И закипела вода в реке, называемая Забвение. Поднимался пар к потолку, капельками оседал на потолочных балках. А потом капали те капельки наземь, исчезали с шипеньем.

Только фонтанная дева все дремала среди пожарища. Так и роняла воду из гипсового рога. А мое тело сгорело дотла, избавился я от его страстей. Чист стал, как тот ангел, прозрачен, как тот. Мое тело стало из какой-то легкой материи, совсем невесомое. И выросла у меня за спиной пара крыльев.

Не то, чтобы я стал ангелом. Но что-то летучее. Может быть, какой-то демон или дух.

Когда сгорел весь Лимб, превратился в пепелище, тогда воспарили мы с тем, прежним, ангелом, словно пара голубков. Разом обрели небо.

И тут закончилась двадцать пятая глава. Началась двадцать шестая.


Глава 26


В моем Лимбе не было небес. А тут неба-то вдоволь.
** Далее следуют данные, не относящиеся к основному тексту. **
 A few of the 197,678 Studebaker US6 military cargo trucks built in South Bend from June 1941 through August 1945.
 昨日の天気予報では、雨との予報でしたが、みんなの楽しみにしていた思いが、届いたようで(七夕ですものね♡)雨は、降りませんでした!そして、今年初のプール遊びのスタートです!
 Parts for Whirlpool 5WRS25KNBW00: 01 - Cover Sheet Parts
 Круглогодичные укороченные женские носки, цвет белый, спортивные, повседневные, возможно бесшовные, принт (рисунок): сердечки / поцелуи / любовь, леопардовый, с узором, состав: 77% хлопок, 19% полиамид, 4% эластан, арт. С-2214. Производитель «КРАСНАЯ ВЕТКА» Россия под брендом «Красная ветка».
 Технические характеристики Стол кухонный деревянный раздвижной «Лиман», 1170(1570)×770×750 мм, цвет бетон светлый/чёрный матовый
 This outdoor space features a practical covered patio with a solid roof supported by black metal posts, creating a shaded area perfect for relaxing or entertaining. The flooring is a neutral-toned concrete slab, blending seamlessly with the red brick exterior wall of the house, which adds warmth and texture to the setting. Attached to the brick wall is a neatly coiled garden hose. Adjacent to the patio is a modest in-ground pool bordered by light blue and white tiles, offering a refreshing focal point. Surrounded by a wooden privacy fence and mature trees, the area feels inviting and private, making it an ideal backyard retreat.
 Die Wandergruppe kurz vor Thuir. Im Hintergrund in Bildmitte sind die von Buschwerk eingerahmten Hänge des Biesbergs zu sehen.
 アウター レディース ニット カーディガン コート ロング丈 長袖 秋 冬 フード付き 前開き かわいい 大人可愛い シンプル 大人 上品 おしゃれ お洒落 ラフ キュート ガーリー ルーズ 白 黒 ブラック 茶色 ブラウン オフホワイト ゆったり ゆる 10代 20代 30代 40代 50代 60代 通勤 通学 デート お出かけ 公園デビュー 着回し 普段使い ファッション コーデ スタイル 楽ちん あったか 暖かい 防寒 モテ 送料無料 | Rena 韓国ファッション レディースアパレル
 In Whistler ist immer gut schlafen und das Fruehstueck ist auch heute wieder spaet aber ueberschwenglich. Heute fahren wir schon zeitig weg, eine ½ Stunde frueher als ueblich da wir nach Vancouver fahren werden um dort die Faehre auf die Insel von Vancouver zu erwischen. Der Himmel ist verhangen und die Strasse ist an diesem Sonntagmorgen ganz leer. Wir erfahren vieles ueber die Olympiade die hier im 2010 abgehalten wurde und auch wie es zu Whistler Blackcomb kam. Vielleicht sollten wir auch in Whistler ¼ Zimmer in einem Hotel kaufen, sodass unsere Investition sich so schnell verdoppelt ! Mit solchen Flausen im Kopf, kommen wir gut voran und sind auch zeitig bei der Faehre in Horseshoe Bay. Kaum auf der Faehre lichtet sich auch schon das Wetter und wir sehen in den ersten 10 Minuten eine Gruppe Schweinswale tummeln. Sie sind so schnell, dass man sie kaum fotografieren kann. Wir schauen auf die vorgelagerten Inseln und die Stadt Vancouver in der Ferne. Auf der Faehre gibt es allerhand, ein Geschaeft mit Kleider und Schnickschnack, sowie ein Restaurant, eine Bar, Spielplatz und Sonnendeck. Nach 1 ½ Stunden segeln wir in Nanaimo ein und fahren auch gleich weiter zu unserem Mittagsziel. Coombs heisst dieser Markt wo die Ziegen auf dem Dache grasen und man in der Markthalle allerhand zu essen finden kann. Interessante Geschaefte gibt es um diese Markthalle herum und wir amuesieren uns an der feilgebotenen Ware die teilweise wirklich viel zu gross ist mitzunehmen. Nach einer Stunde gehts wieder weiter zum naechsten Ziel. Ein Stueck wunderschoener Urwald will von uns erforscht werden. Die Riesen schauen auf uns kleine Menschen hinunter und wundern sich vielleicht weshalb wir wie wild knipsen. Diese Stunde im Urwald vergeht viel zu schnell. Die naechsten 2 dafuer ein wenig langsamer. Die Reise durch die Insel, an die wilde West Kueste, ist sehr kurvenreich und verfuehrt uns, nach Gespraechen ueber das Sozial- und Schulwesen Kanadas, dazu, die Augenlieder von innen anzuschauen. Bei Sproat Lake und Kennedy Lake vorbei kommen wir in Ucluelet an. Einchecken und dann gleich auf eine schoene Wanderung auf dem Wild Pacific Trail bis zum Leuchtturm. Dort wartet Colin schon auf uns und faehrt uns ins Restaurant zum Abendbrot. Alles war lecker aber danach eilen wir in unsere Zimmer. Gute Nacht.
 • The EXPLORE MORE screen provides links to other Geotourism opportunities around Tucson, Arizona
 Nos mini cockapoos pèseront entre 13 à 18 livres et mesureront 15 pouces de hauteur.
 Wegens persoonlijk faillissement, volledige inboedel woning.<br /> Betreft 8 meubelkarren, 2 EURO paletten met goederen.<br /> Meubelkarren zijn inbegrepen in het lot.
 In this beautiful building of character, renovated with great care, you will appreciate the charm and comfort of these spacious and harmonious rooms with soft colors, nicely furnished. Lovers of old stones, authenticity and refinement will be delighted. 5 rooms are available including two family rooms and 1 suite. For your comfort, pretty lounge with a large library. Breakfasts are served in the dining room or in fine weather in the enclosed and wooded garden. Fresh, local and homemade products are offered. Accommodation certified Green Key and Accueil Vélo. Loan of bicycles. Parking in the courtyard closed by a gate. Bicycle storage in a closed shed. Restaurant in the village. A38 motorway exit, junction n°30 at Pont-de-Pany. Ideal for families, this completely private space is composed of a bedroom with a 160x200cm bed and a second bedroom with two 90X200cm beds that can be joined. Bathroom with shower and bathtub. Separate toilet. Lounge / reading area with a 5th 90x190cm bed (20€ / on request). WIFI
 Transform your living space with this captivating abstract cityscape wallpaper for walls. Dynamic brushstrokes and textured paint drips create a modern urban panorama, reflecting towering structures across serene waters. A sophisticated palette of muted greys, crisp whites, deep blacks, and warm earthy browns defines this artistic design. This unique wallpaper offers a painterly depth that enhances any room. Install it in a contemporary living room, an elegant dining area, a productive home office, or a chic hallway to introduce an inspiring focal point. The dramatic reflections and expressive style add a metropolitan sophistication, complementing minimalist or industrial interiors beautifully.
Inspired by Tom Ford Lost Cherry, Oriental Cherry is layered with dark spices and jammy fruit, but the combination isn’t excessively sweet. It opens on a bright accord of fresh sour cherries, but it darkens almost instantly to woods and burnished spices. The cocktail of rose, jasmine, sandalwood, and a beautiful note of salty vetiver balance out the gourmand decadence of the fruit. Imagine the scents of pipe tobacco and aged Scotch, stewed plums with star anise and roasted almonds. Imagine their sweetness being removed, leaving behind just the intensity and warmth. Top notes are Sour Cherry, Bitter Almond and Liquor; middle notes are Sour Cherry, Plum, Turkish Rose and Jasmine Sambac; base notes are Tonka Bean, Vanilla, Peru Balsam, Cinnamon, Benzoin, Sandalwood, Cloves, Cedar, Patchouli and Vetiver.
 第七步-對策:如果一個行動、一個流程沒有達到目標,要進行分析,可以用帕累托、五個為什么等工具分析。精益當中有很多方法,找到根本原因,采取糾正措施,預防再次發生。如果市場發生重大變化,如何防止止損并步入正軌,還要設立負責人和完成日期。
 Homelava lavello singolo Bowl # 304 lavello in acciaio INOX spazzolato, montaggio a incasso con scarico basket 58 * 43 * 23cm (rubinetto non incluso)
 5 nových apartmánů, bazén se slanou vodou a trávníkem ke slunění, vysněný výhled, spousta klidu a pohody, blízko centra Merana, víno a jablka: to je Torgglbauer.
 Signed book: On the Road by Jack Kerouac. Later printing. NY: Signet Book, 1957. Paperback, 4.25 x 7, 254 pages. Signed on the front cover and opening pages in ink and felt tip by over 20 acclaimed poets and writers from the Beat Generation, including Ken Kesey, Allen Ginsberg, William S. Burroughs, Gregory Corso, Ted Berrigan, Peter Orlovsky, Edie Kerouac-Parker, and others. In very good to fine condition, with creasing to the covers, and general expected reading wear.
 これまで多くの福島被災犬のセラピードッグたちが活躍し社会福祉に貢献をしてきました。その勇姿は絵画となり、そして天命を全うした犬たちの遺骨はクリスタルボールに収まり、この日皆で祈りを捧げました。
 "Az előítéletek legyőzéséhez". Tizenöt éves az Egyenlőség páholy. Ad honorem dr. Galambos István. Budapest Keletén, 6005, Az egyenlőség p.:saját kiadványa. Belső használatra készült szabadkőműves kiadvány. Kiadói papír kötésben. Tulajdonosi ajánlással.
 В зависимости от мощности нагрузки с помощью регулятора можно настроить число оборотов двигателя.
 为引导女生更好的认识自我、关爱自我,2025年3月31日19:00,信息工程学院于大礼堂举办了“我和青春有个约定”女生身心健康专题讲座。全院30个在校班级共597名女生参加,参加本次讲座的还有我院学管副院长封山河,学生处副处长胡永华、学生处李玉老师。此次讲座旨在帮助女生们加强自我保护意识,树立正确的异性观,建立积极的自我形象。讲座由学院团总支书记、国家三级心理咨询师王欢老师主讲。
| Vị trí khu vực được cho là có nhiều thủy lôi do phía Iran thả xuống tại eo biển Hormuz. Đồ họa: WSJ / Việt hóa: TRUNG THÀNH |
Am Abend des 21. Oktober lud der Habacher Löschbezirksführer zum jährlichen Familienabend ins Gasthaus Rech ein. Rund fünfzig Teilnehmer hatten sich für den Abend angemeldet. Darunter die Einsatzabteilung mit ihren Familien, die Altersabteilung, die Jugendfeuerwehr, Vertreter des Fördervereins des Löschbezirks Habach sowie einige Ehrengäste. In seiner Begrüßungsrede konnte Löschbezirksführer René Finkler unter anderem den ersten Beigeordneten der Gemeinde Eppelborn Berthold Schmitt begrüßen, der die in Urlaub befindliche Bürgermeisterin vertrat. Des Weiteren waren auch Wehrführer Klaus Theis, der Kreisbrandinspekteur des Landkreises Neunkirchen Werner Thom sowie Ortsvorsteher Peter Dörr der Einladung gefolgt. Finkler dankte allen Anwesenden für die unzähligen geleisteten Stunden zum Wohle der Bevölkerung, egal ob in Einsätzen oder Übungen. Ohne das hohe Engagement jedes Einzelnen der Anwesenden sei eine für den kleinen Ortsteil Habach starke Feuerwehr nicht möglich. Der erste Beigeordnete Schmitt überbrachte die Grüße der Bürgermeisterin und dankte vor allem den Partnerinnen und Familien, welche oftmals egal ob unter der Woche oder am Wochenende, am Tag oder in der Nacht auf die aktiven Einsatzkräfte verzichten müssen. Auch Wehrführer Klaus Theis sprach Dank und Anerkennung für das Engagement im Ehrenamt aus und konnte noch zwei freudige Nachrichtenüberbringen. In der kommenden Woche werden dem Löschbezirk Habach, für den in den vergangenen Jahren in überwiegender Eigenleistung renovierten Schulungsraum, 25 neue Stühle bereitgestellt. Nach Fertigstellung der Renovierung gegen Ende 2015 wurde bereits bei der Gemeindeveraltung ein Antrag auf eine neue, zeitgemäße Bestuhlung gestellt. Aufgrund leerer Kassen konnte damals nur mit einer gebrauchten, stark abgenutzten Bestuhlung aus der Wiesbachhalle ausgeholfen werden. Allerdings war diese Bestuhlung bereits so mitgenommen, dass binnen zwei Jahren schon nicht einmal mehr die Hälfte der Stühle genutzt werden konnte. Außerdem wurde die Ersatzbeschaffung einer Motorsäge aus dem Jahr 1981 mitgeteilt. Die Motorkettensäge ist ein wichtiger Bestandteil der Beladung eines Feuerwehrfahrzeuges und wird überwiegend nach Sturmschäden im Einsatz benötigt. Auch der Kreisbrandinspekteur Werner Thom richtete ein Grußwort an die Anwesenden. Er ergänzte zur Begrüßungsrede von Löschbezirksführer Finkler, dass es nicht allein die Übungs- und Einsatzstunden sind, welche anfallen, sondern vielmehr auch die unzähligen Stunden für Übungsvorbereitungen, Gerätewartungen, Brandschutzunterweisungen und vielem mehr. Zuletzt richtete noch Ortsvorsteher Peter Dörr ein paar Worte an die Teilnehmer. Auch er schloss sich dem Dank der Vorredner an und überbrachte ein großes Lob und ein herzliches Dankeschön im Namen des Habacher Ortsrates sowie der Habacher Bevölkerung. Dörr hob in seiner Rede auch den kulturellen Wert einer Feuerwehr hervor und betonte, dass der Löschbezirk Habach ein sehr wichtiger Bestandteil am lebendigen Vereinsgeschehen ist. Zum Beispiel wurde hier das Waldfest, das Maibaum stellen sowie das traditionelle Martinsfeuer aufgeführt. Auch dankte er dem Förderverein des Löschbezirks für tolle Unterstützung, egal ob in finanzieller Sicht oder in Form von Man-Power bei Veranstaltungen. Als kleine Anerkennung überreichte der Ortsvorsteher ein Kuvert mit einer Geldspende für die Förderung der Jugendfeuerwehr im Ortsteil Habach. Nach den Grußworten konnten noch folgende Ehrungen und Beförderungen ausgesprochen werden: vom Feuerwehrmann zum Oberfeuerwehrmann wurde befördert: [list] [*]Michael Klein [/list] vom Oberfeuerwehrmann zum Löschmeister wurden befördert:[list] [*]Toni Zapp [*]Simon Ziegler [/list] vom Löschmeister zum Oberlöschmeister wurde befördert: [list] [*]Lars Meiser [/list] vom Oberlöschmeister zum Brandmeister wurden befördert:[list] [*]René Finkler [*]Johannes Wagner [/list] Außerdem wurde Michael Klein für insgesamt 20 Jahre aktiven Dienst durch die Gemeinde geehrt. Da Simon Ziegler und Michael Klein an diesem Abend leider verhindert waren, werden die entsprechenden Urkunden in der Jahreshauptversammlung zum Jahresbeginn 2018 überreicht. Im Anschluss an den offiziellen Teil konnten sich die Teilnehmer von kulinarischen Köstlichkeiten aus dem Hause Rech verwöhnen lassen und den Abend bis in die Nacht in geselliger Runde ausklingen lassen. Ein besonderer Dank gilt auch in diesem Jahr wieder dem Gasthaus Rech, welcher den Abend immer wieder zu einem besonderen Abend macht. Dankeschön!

Тяжел был мой камень – тело тел, куда устремлялась вся сила моя и мысль. А тут сразу стало много неба. И бытие стало легко, и податливы стали пространства.

Как мотыльки, вились мы вокруг пожарища. Пылал подвешенный к небесам кленовый гроб. Раскачивался он на тонких золотых цепочках. Ветер огонь раздувал. И виден тот пожар был отовсюду, изо всех миров.

Догорел гроб и вниз рухнул. Летел он, как огненная комета. Кувыркался он и сыпал искрами. Дрогнула земля, когда он пал на нее. И оказался я свободен, вышедший в узкие врата.

И не обрел я имени. По-прежнему был безымянен, но теперь я был легок. И был я среди податливых пространств. В свежем и необтрепанном мире я очутился. До всего тут было рукой подать, верней, взмахнуть пару раз крыльями. Любое место тут было рядом.

И еще тут витали дети воздуха, тоже легки и безымянны. Так их было много, что не дашь ведь каждому имени. Если и на острие иголки их поместятся мириады.

Так легка была их жизнь, так они все были прозрачны, что, казалось, все равно им – быть или не быть вовсе. Века и века быв камнем, сколько я скопил легкости. А теперь растрачивал ее весело и бездумно. И тут все не истекал единственный век. Но он не залег камнем, а был рассеян в воздухе. Мерцал золотой пыльцой.

Суетливые те существа – мои братцы – вечно двигались, туда-сюда перелетали. Не нашлось для каждого из них имени. Потому не были они пригвождены словом к единственному мигу. Так, летали, порхали, один в другого перетекали, менялись обликами и названиями. Названия ведь были не их суть, а что-то вроде накидки, не лик, а личина. То, что укрывает не раскрывая.

Когда давали имена, все они от дающего попрятались, стали играть с ним в прятки. Попрятались в деревьях, в реках и озерах, в камнях, как я. И потому они остались безымянны. Когда кончились все имена, оставили они убежища и все воспарили в небо. И вот я среди них парю.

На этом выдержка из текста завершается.